• _The problem_: In the entries below, find the line with "- Einstellbare Fadenspannung" and the line with "#embroiderytips: Prevent skein"; reproduce those two lines and all lines between them exactly, without pictures.

• _Source records_:
*** Block opens ***

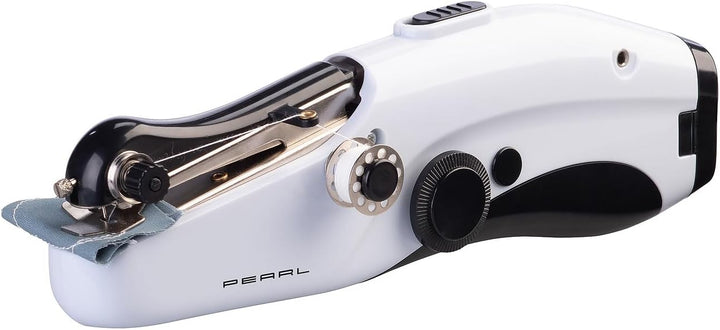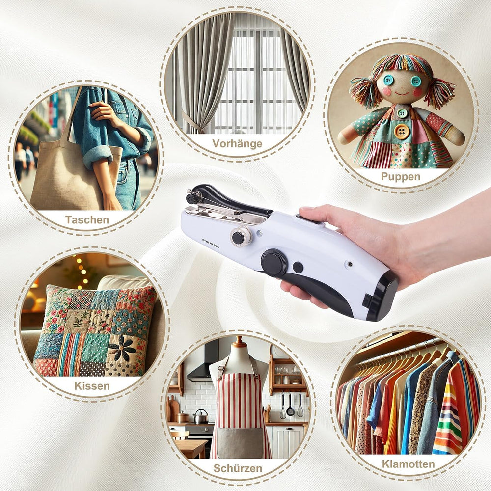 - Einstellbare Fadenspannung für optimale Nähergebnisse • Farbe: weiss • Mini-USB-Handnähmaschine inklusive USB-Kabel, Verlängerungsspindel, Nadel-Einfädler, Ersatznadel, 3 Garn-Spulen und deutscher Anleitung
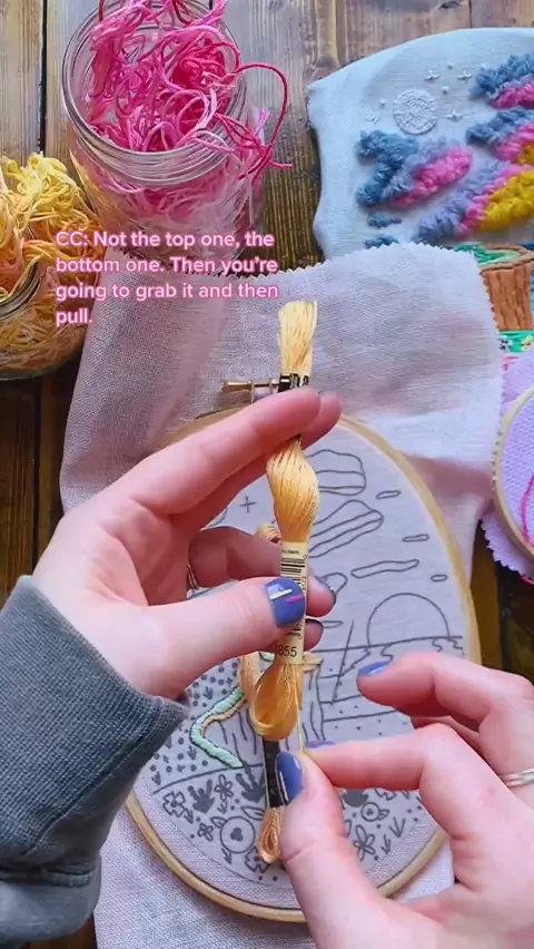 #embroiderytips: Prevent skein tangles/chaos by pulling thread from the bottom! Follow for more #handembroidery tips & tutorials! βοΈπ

*** Block closes ***
*** Block opens ***

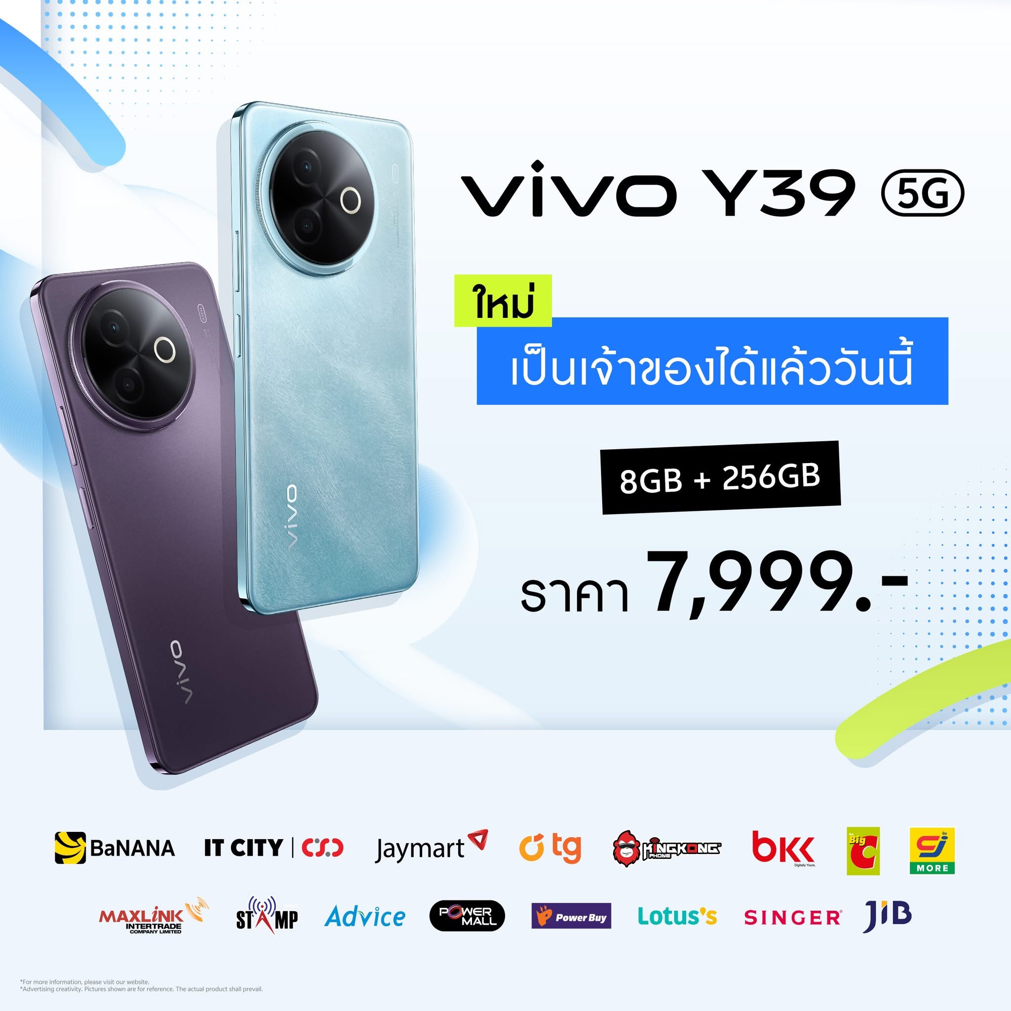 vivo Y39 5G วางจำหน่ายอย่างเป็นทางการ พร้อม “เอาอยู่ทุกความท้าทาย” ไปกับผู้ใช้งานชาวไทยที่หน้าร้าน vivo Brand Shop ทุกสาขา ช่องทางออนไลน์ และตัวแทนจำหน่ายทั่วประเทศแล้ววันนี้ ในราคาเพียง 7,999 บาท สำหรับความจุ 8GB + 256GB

*** Block closes ***

• _The answer_:
 - Einstellbare Fadenspannung für optimale Nähergebnisse • Farbe: weiss • Mini-USB-Handnähmaschine inklusive USB-Kabel, Verlängerungsspindel, Nadel-Einfädler, Ersatznadel, 3 Garn-Spulen und deutscher Anleitung
 #embroiderytips: Prevent skein tangles/chaos by pulling thread from the bottom! Follow for more #handembroidery tips & tutorials! βοΈπ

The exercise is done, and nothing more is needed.